La guerre commerciale entre Bombardier et Boeing a été abordée mercredi à la table de négociation de l'ALENA. La ministre des Affaires étrangères, Chrystia Freeland, en a discuté directement avec le représentant américain au Commerce, Robert Lighthizer.

«J'ai expliqué la position canadienne et l'importance pour le Canada de cet enjeu», a-t-elle confirmé lors de la conférence de presse qui clôturait la troisième ronde de négociations tenue à Ottawa cette semaine.

Le département américain du Commerce a infligé mardi soir des droits compensatoires préliminaires de près de 220 % à Bombardier et ses appareils de la CSeries. C'est presque trois fois plus que ce que son concurrent Boeing exigeait.

La ministre Freeland a également signalé qu'elle allait s'entretenir au cours des prochains jours avec son homologue britannique. Bombardier emploie près de 8000 personnes en Irlande du Nord, dont plus de la moitié en aéronautique.

Mme Freeland a également l'intention d'aborder la question de Bombardier une énième fois avec le secrétaire américain au Commerce, Wilbur Ross.

«Nous allons continuer de nous battre très, très fort», a-t-elle dit.

Les parlementaires ont adopté une motion du Nouveau Parti démocratique mercredi après-midi pour reconnaître l'importance économique de Bombardier et protéger les emplois de l'industrie aéronautique face à la décision du département américain du Commerce.
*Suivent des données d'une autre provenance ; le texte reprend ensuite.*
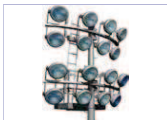
PFD15 - two 3000 curved crossarms 2.7m ladder- distance between rows 1.6m - 16 floodlights maxi
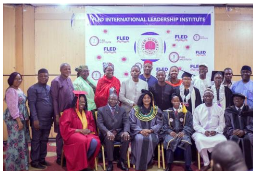
Group Photo of the inductees' present
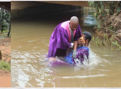
Baptism of a converted soul in progress
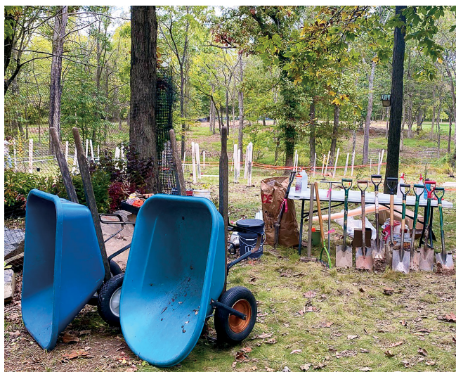
"Tools of the Trade" used by our volunteers.
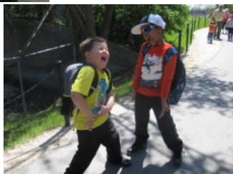
High School Leadership Class went to the zoo with Pritchard students.
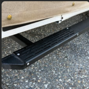
RUNNING BOARDS $995
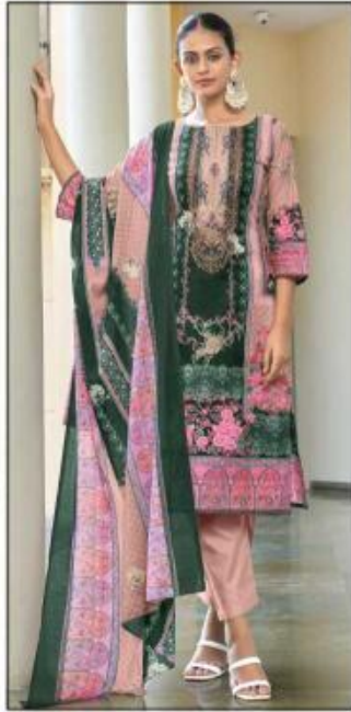
D.NO. 1001 B
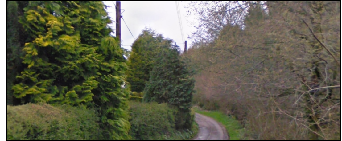
VIEW HEADING WEST ON BACK LANE

Below are shown some photos of the other accillary buildings in the area with there locations marked on MAP2 above to give context.
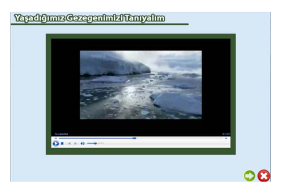
Fig. 1. The entrance part of the Software (Note 1: Let's learn our environment)

In the content of the study, a software for "Human and Environment" Unit in K7 Science and Technology curriculum has been developed through Ausubel's Expository Learning approach. The software has been prepared by using C# programming language. In addition to the C # programming language, Adobe Flash CS6 for animations and Adobe Photoshop CS4 for the organization of pictures have been used. Visuals and animations used in the software is designed according to the age and developmental characteristics of the students. Multimedia design principles such as taking students' attention, reminding the goals of the lecture, reminding knowledge of the preliminary students. presenting stimulus materials, guiding students, evaluation and giving feedback have been considered. For this aim, an interesting image is presented in the entrance of the software, by this way students' attention is drawn to the material (Fig. 1). One of the basic principles of expository learning is active participation of students. Therefore, interesting visual material is chosen to draw the attention of the students.
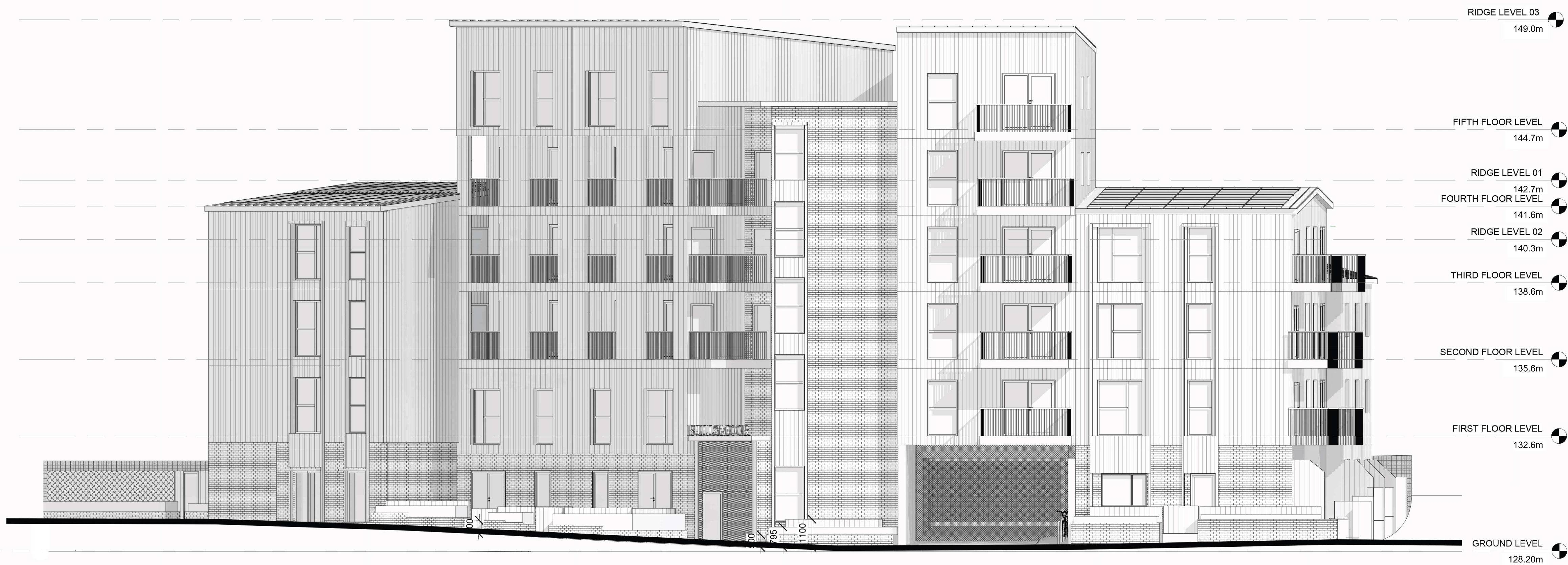
2 ELEVATION B 1 : 100
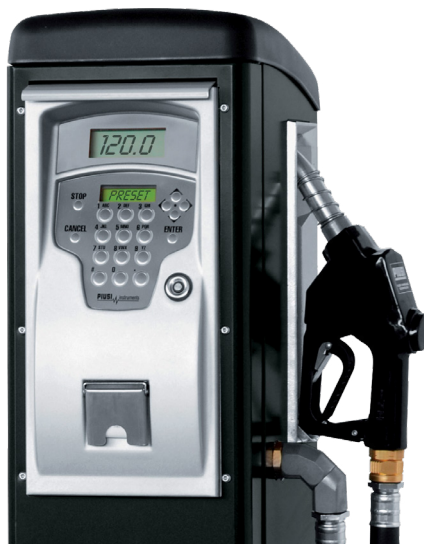
INTEGRATED TICKET PRINTER
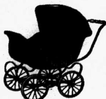
Baby Carriages .....$50 to .....$85
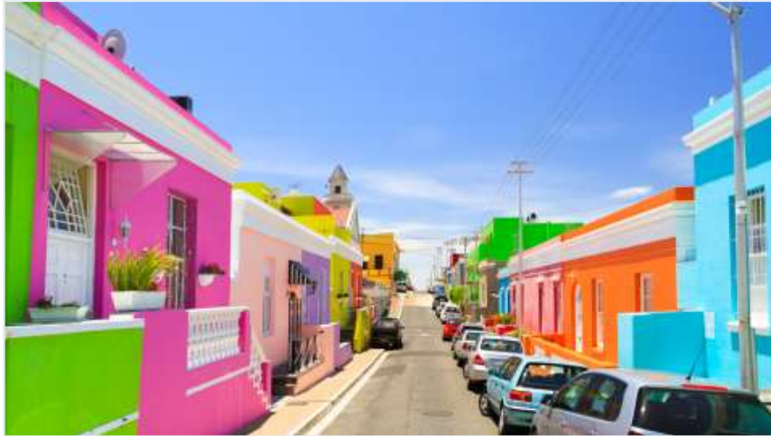
TABLE MOUNTAIN CABLE CAR EXPERIENCE (FAST TRACK CABLE CAR), BO-KAAP & GREENMARKET SQUARE, CASTLE OF GOOD HOPE, CAPE TOWN CITY SIGHTSEEING MEALS: BREAKFAST
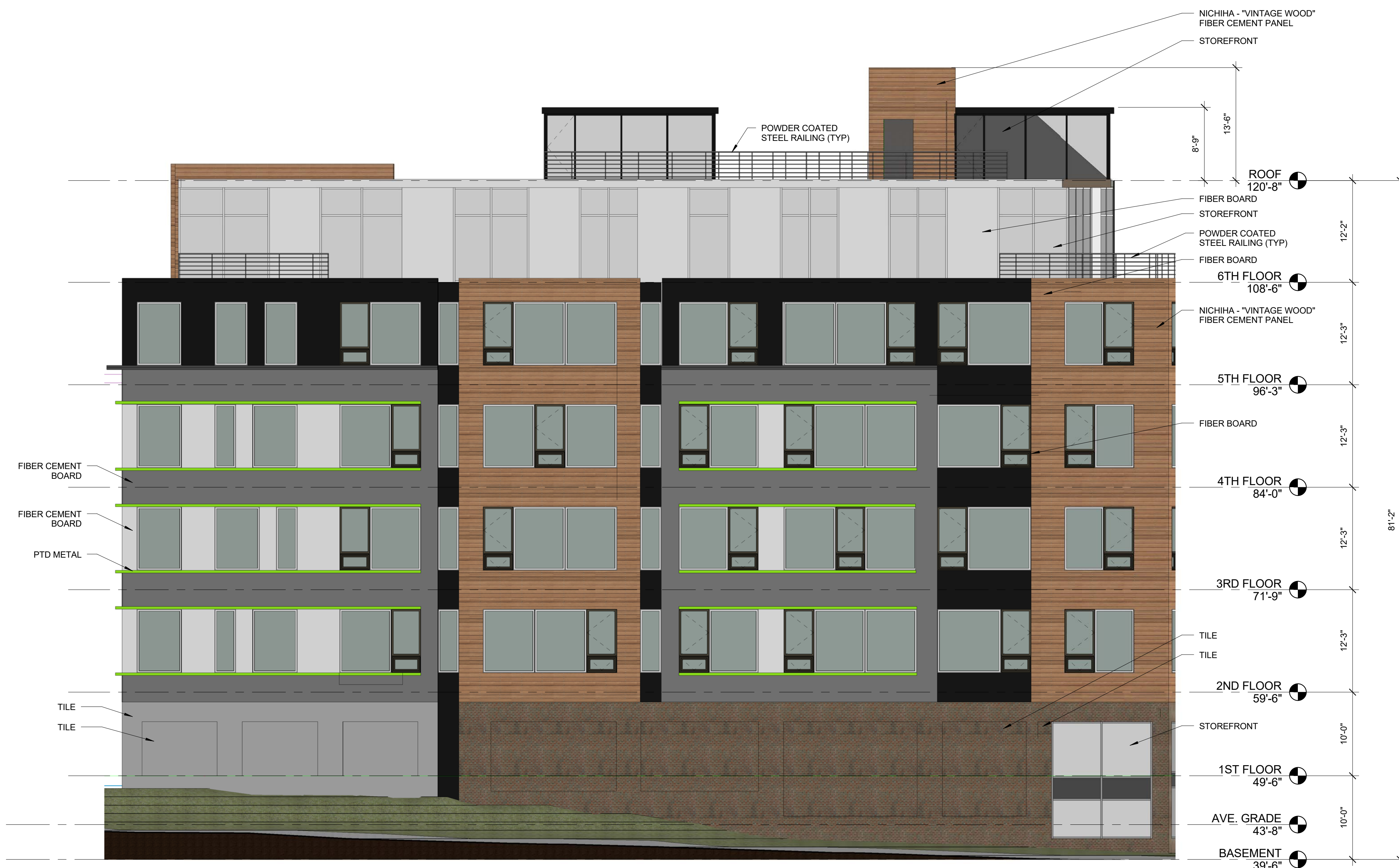
1 | FRANKLIN STREET ELEVATION 1/8" = 1'-0" 0 4'-0" 8'-0" 16'-0" 32'-0"
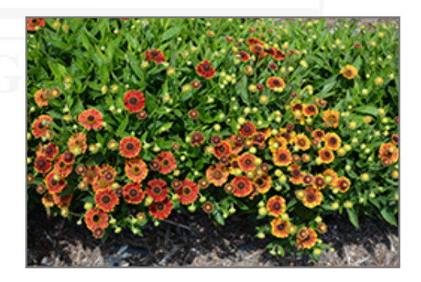
Mariachi Bandera Sneezeweed in bloom
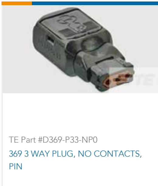
TE Part #D369-P33-NP0 369 3 WAY PLUG, NO CONTACTS, PIN
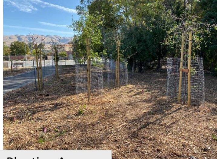
Final Mitigation Planting Area
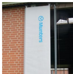
MSC wind protection set
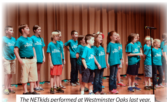
The NETkids performed at Westminster Oaks last year.

Le président de la Chambre des communes a toutefois rejeté une demande de débat d'urgence soumise par le Bloc québécois parce qu'elle ne répondait pas aux critères procéduraux.

Ceux-ci stipulent qu'une telle demande ne doit pas, règle générale, «concerner une industrie ou un groupe en particulier».

«C'est quoi que ça prend? Cent milles, un million d'emplois menacés? Ça, là, c'est le coeur de l'économie du Québec qui est menacé puis on s'en lave les mains ici», s'est insurgé le leader parlementaire du Bloc québécois, Gabriel Ste-Marie.

Le gouvernement Trudeau s'est attiré les critiques de l'opposition mercredi.

«Le gouvernement fédéral a mal géré cette situation dès le début en choisissant de donner une subvention, et c'est au gouvernement de défendre sa position devant les tribunaux», a affirmé le chef conservateur, Andrew Scheer.

Le gouvernement avait octroyé un prêt de 372,5 millions au géant de l'aéronautique en février.

Le chef du Nouveau Parti démocratique, Thomas Mulcair, a plutôt dénoncé l'approche trop conciliante du gouvernement.

«Jusqu'à maintenant, tout ce que Justin Trudeau a réussi à faire, c'est de menacer d'annuler un contrat qui n'existe même pas. Est-ce qu'on peut avoir un premier ministre qui, lorsqu'il parle avec le président américain, soulève ces questions importantes de commerce ? Parce que si on se fait malmener comme c'est le cas en aérospatiale, tout le reste va suivre dans les négociations de l'ALENA.»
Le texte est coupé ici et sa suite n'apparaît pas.